Images should be omitted while the rest of the data is duplicated exactly.

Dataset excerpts
-=-=-=-=-
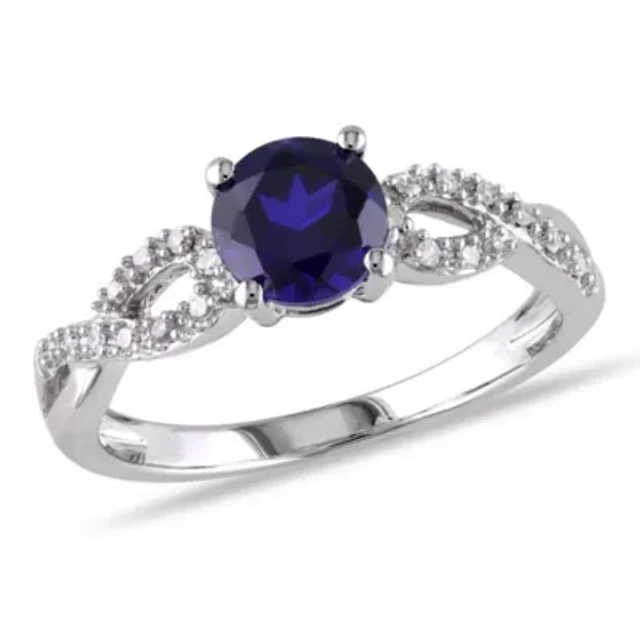 Men's Blue Lab-Created Sapphire & Diamond Ring 10K White Gold
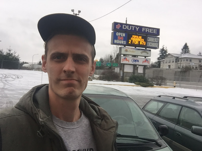 Начали появляться указатели, что скоро будет пограничный контроль. И вот мы добрались до границы! Съемка запрещена. Мы встаем в очередь из машин, и довольно быстро добираемся до пограничника. Выходить естественно не надо. Отдаем паспорта. Смотрим на пограничника. Сначала у него было смятение. О смотрит на нас, на паспорта, на машину. Спрашивает, откуда машина? Мы говорим, что купили, документы на неё есть. Он спросил сколько стоила, как едет? В целом спросил у нас что хотим делать в Канаде, в вкратце описали ему наш маршрут. Всё это было в очень дружелюбной форме. И все вопросы заняли у нас минуты три - четыре. И вот у нас штампы в паспортах, о пересечении Канадской границы. УРА! МЫ В КАНАДЕ. Первое, что бросается в глаза, это Километры в час. Всё в Километрах в час, как же это приятно!! Никогда не думал, что буду так рад этому. Тут я понял, почему на всех американских машинах есть маленькая дублирующая шкала на спидометре в километрах. Второе что сразу бросилось в глаза - грязь и разруха. Честно, мы подумали, что мы вернулись в Россию. Грязный снег, обшарпанные дома. Не знаю почему такой контраст со штатами, но он реально был.
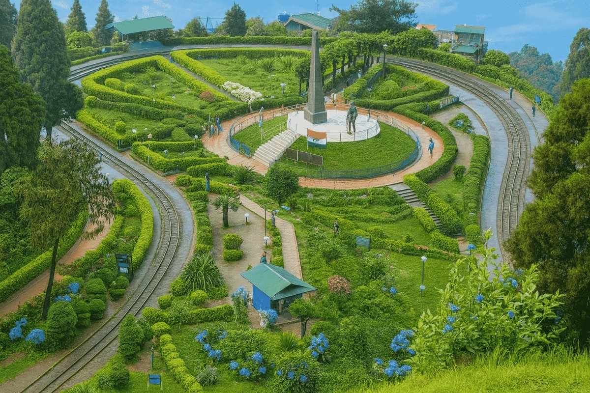 Batasia Loop: Where the Toy Train makes a “U” turn, featuring a beautiful War Memorial garden.
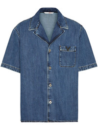 V-detail denim bowling shirt
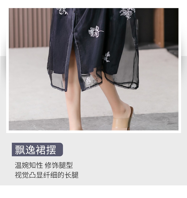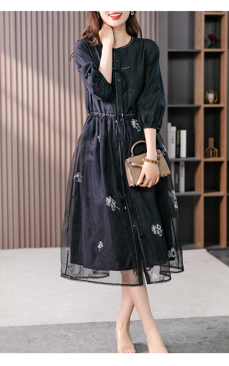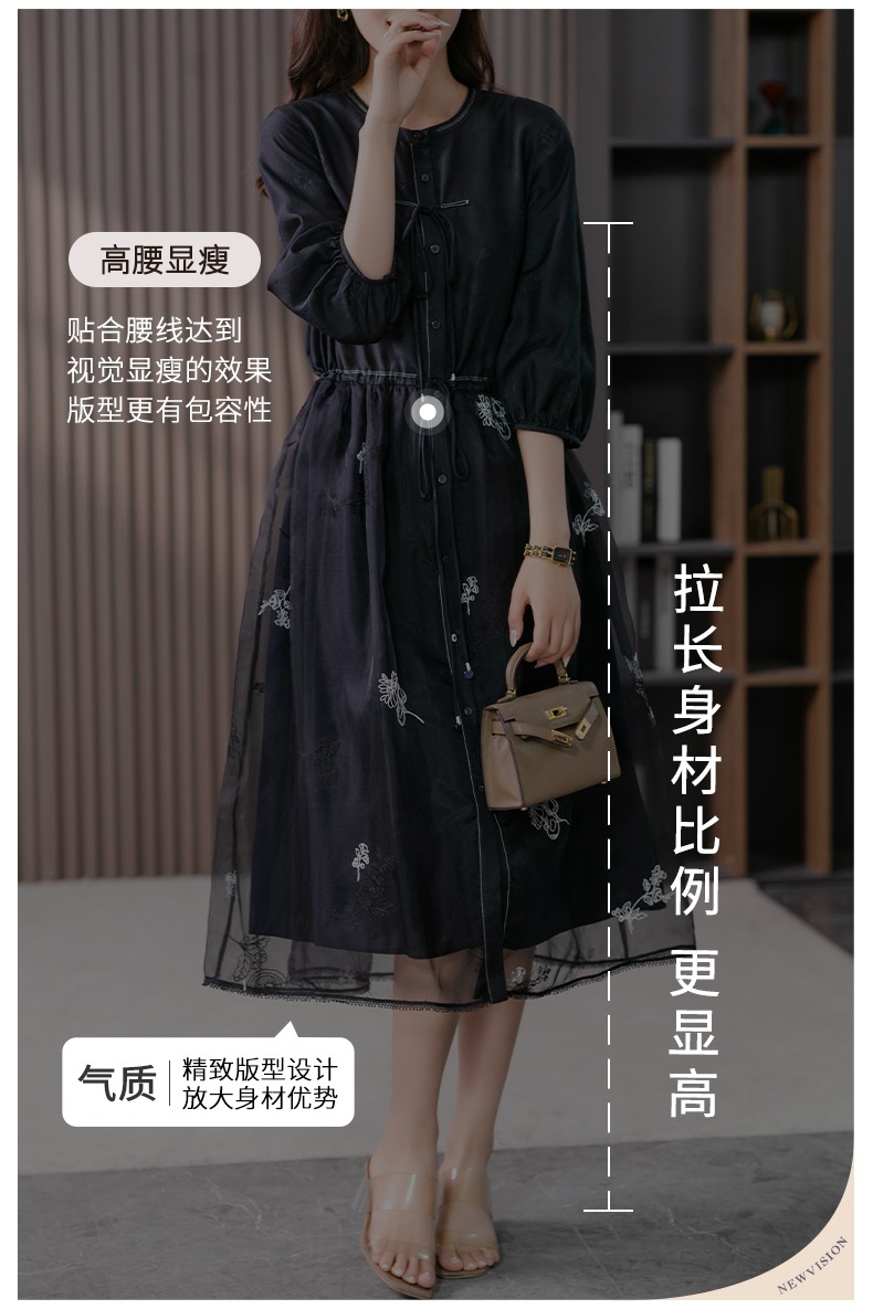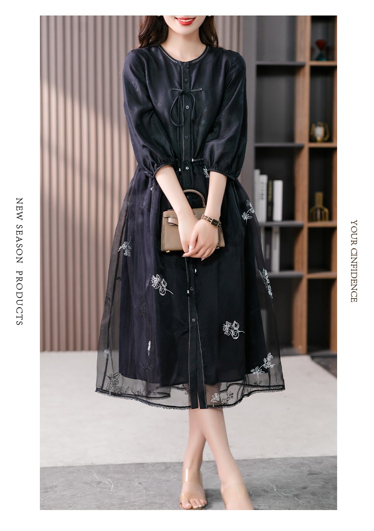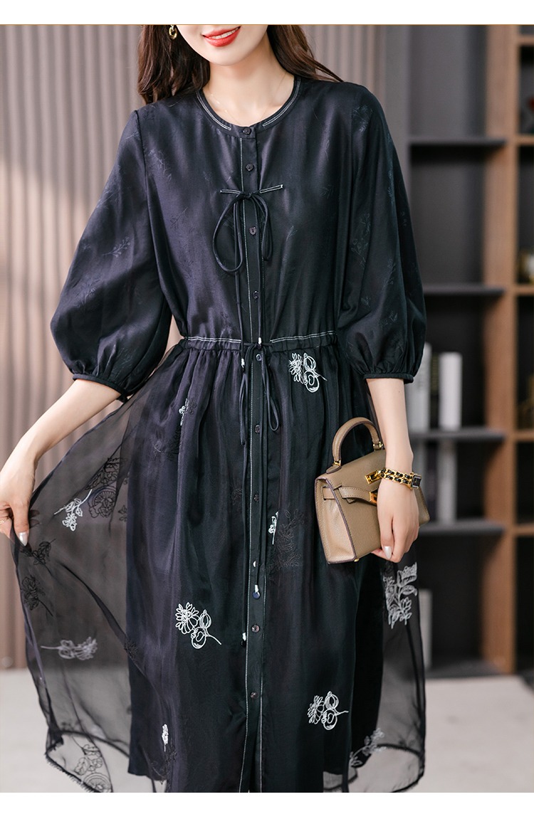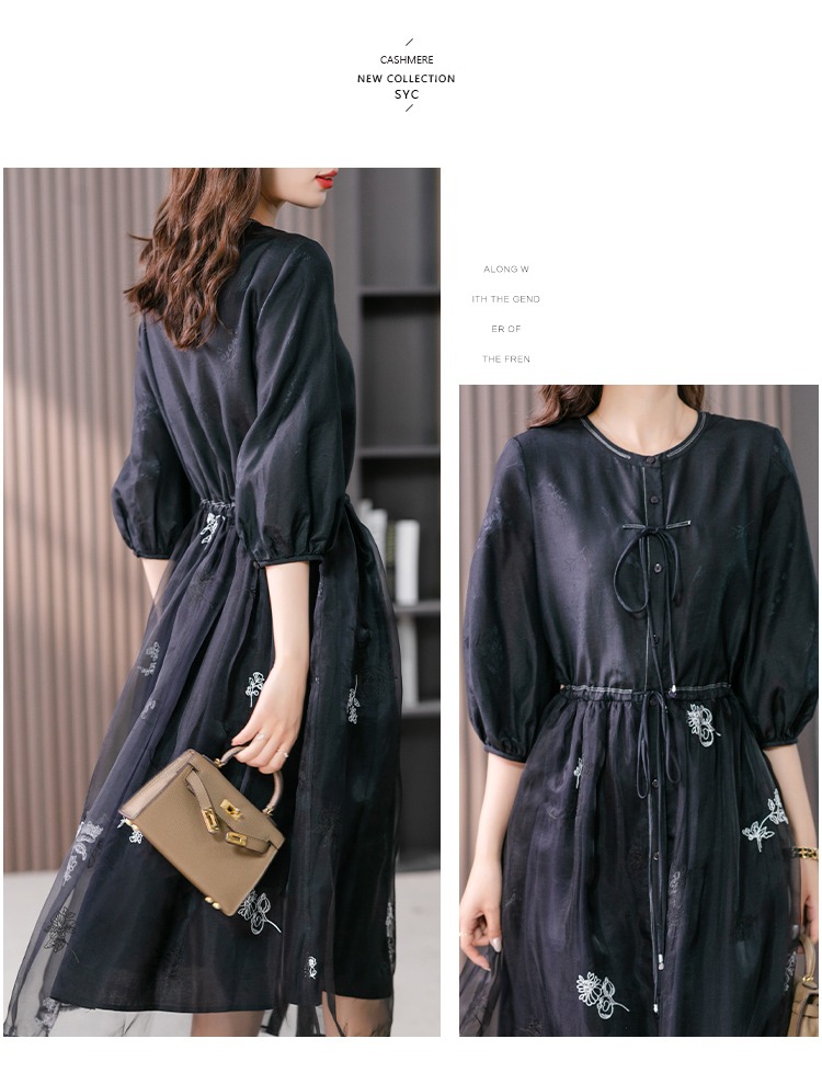 87890原形高级感绣花真丝连衣裙女2024春夏季新款灯笼袖桑蚕丝长裙子
-=-=-=-=-
● **Answer to this exercise**
 Men's Blue Lab-Created Sapphire & Diamond Ring 10K White Gold
 Начали появляться указатели, что скоро будет пограничный контроль. И вот мы добрались до границы! Съемка запрещена. Мы встаем в очередь из машин, и довольно быстро добираемся до пограничника. Выходить естественно не надо. Отдаем паспорта. Смотрим на пограничника. Сначала у него было смятение. О смотрит на нас, на паспорта, на машину. Спрашивает, откуда машина? Мы говорим, что купили, документы на неё есть. Он спросил сколько стоила, как едет? В целом спросил у нас что хотим делать в Канаде, в вкратце описали ему наш маршрут. Всё это было в очень дружелюбной форме. И все вопросы заняли у нас минуты три - четыре. И вот у нас штампы в паспортах, о пересечении Канадской границы. УРА! МЫ В КАНАДЕ. Первое, что бросается в глаза, это Километры в час. Всё в Километрах в час, как же это приятно!! Никогда не думал, что буду так рад этому. Тут я понял, почему на всех американских машинах есть маленькая дублирующая шкала на спидометре в километрах. Второе что сразу бросилось в глаза - грязь и разруха. Честно, мы подумали, что мы вернулись в Россию. Грязный снег, обшарпанные дома. Не знаю почему такой контраст со штатами, но он реально был.
 Batasia Loop: Where the Toy Train makes a “U” turn, featuring a beautiful War Memorial garden.
 V-detail denim bowling shirt
 87890原形高级感绣花真丝连衣裙女2024春夏季新款灯笼袖桑蚕丝长裙子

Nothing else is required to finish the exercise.